Where would Don Draper be without his drink and his smoke?

Last night I watched a movie which really got me thinking - "The Days of Wine and Roses." It was released in 1962, and stars Jack Lemmon and Lee Remick as a devoted married couple who also happen to be a devoted pair of alcoholics.
Watching it, I was struck again and again by how our culture downplays alcohol use and alcoholism.
Very few films deal so honestly with the horrors of alcoholism as this one. In one scene, Lemmon's Joe returns, drunk, from a party and shames Remick's Kirsten for no longer drinking with him. Kirsten, who is nursing their baby at the time, pleads that the doctor says it will get in her breast milk and Joe spits at her "you're going to lose your shape" and other cruel comments until she reluctantly drinks.
In another Joe is so desperate for a drink that he tears apart his father in law's greenhouse looking for a bottle he stashed there.
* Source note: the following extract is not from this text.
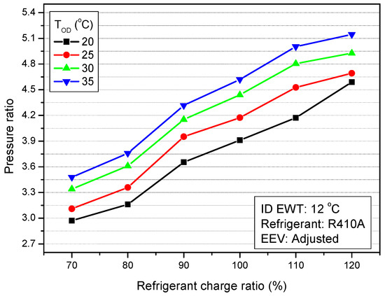 Figure 5 represents the COP of the heat pump with variation of refrigerant charge ratio and . The optimum refrigerant charge amount (100% RCR) of this study was determined to have the maximum COP. The COP decreased at both undercharge and overcharge conditions with steeper slope at undercharge conditions than at overcharge conditions. This is similar to the COP trend realized in the works of Choi and Choi [4]. COP is defined as the ratio of the cooling capacity to the power consumption of the heat pump. As shown in Figure 6, the power consumption decreased at undercharge conditions, however the slope of decrease was smaller than that of the cooling capacity at undercharge conditions. Nonetheless, the power consumption increased at overcharge conditions to result in a decrease in the COP at overcharge conditions. Power consumption of the heat pump greatly depends on the compressor pressure ratio and refrigerant mass flow rate. The power consumption was mainly affected by the compressor pressure ratio since the refrigerant mass flow rate remained almost constant with the variation in RCR. Figure 7 shows the pressure ratio with variation in RCR and . The pressure ratio decreased at undercharge conditions and increased at overcharge conditions due to a decrease in the condensing pressure at undercharge conditions and an increase in same at overcharge conditions. The evaporating pressure remained almost constant at both undercharge and overcharge conditions due to the adjustment of the EEV to maintain a constant superheat at all test conditions. The rate of decrease in COP at undercharge conditions was higher than that at overcharge conditions at all conditions. At standard of 25 °C, the COP decreased by 4.9%, 14.3% and 18.0% at RCR of 90%, 80% and 70% respectively; while the COP decreased by 2.2% and 5.0% at RCR of 110% and 120% respectively at overcharge conditions.

As he whines, "he stole it, he stole it," it's hard to look at him, he is so pathetic.
I couldn't help but think of Betty Draper from "Mad Men," sitting there glamorously with her cigarette and glass of wine, pregnant and then with baby Gene, or Don, coolly sipping his scotch, never seeming to get very drunk. Sure, their characters are not supposed to be a full blown alcoholics, but the relationship with alcohol for the characters on "Mad Men" is almost played for laughs on the show, and this movie takes place at the exact same era. It's almost as if 40 years of culture enlightenment have left us more in the dark as to how to deal with alcoholism.
Freddy Rumsen, the one character on "Mad Men" who was singled out as having an alcohol problem, was played off as a joke. Meanwhile, the other characters clearly use alcohol to hide from their problems, especially Betty, who drank to excess constantly while pregnant this season, and it is not addressed at all. Was it really that normal? In the film, Joe was fired from his job, and he and Kirsten lost everything because of their alcoholism.
I love "Mad Men," but it's clearly supposed to be a cool show. And whether we like to admit it or not, we certainly live in a culture that treats adults who don't drink as weirdos. I'm just raising a question.